### YOUR GOAL
Once you have read the listing, retype all of it exactly.

### DATA
^^^^^^^^^^^^^^^^
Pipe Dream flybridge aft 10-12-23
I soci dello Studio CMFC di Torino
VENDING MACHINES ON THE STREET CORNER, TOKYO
^^^^^^^^^^^^^^^^
### RESPONSE
Pipe Dream flybridge aft 10-12-23
I soci dello Studio CMFC di Torino
VENDING MACHINES ON THE STREET CORNER, TOKYO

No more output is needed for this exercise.